(DEPRECATED) Apache Flink User Mailing List archive.

[FlinkSQL] is there a way to read/write local json data in Flink SQL like that of kafka?

Classic

List

Threaded

5 messages Options

Anyang Hu

[FlinkSQL] is there a way to read/write local json data in Flink SQL like that of kafka?

Hi guys,

In flink1.9, we can set `connector.type` to `kafka` and `format.type` to json to read/write json data from kafka or write json data to kafka.

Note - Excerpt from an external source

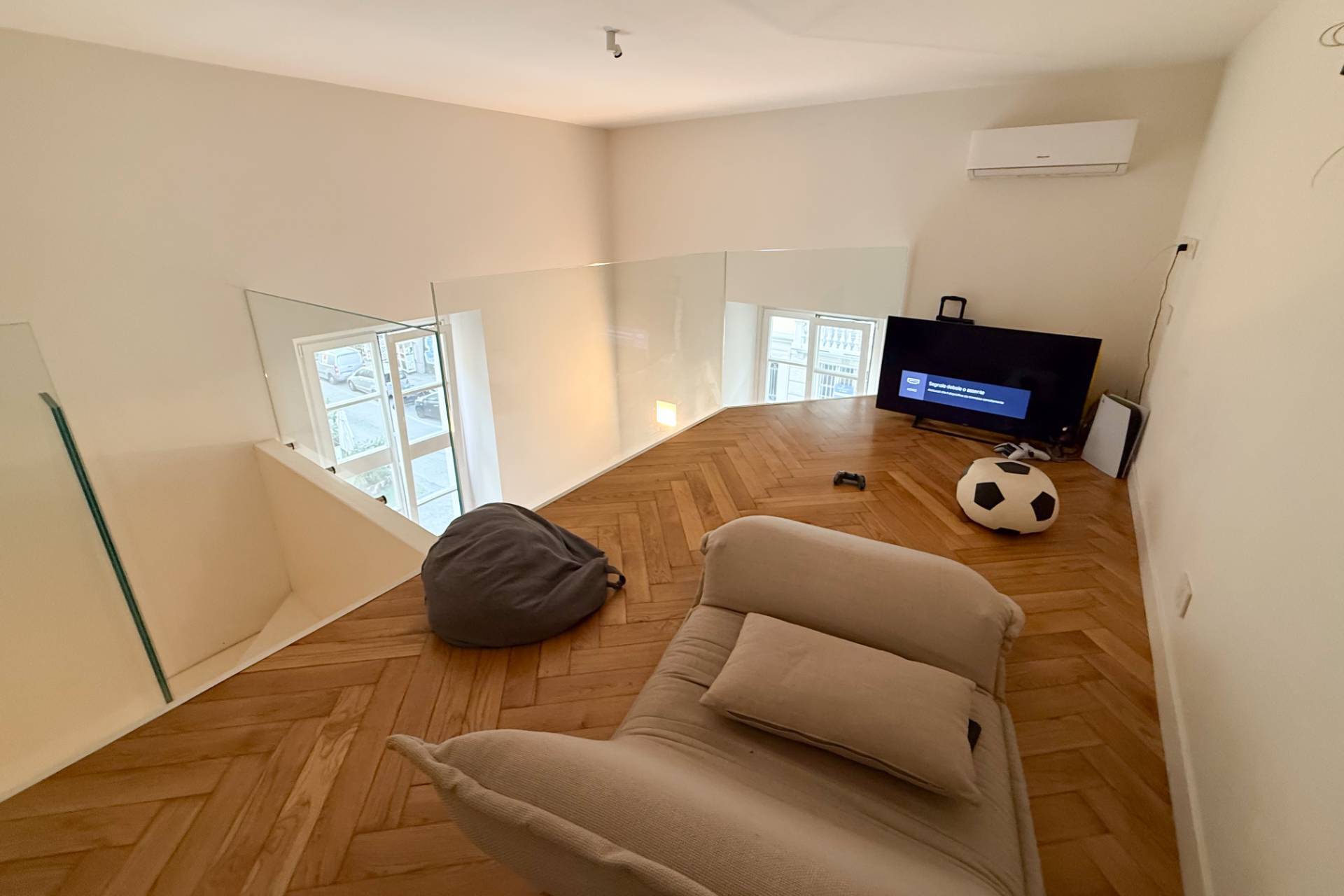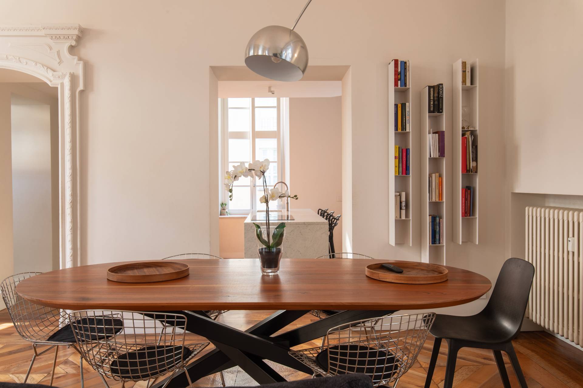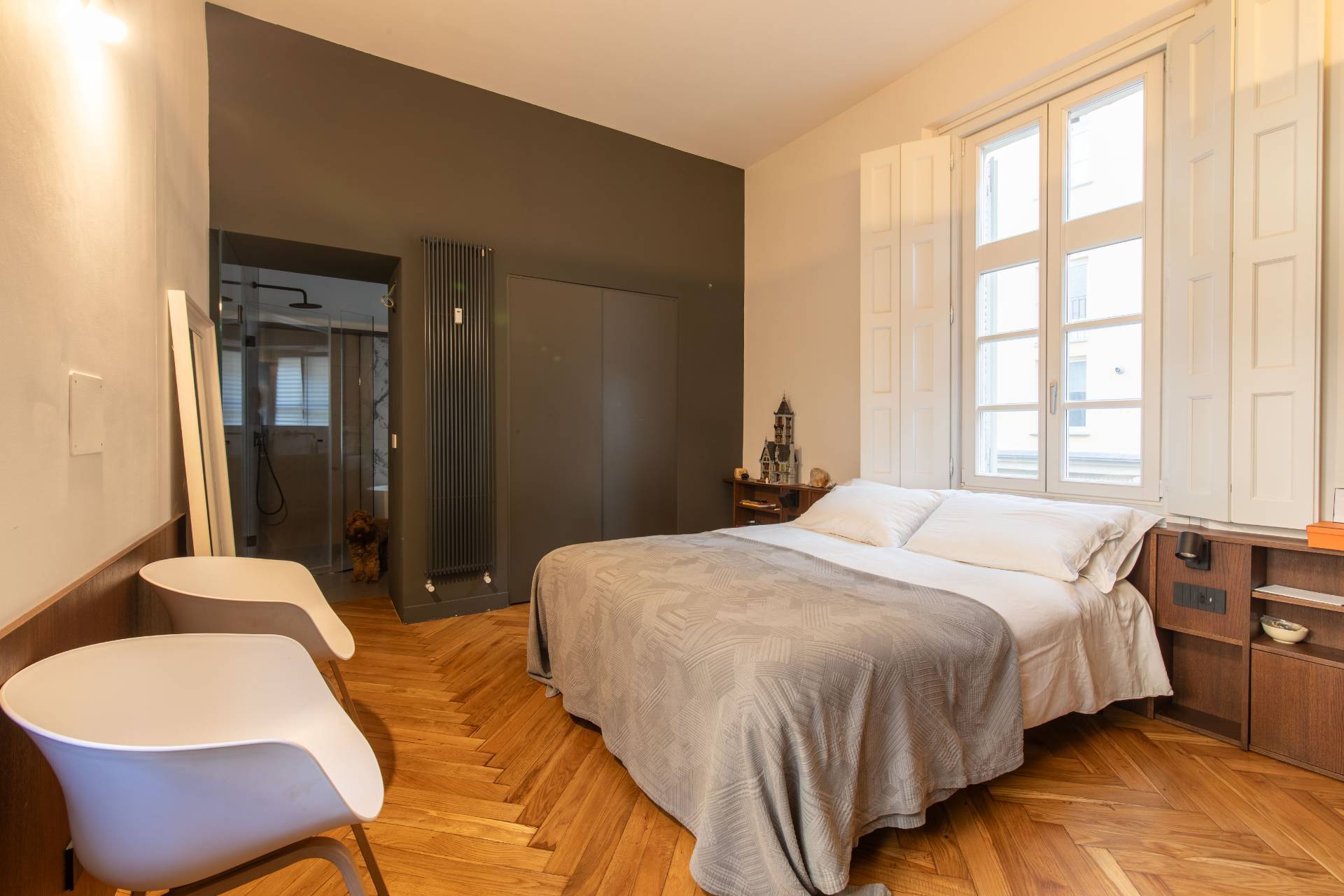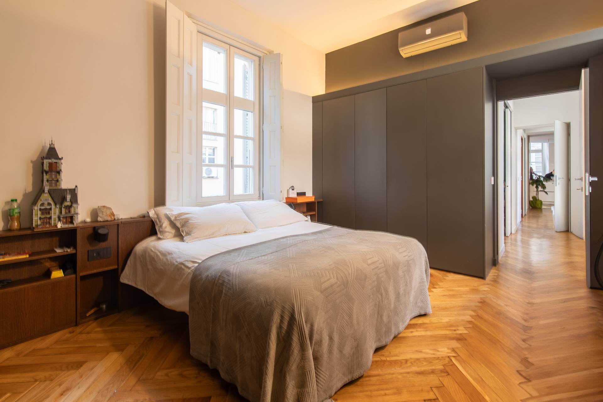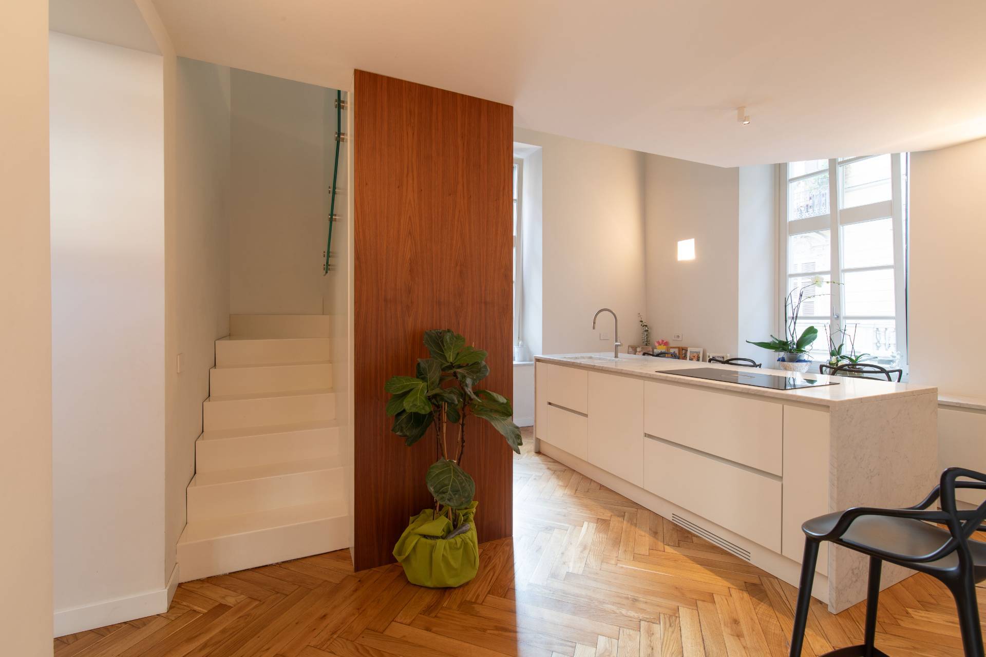 The property, which has been completely renovated, combines its original architectural value with a sophisticated contemporary feel: high ceilings with decorative stucco, geometric parquet flooring, and large windows that provide natural light throughout the day.

In my scenario, I wish to read local json data as a souce table, since I need to do local debug and don't consume online kafka data.

For example:

create table source (
first varchar,
id int
) with (
'connector.type' = 'filesystem',
'connector.path' = '/path/to/json',
'format.type' = 'json'
)

In addition, writing local json data is also needed.

Does anyone have similar needs?

Best regards,
Anyang

Dawid Wysakowicz-2

Re: [FlinkSQL] is there a way to read/write local json data in Flink SQL like that of kafka?

Hi,

Unfortunately it is not possible out of the box. The only format that the filesystem connector supports as of now is CSV.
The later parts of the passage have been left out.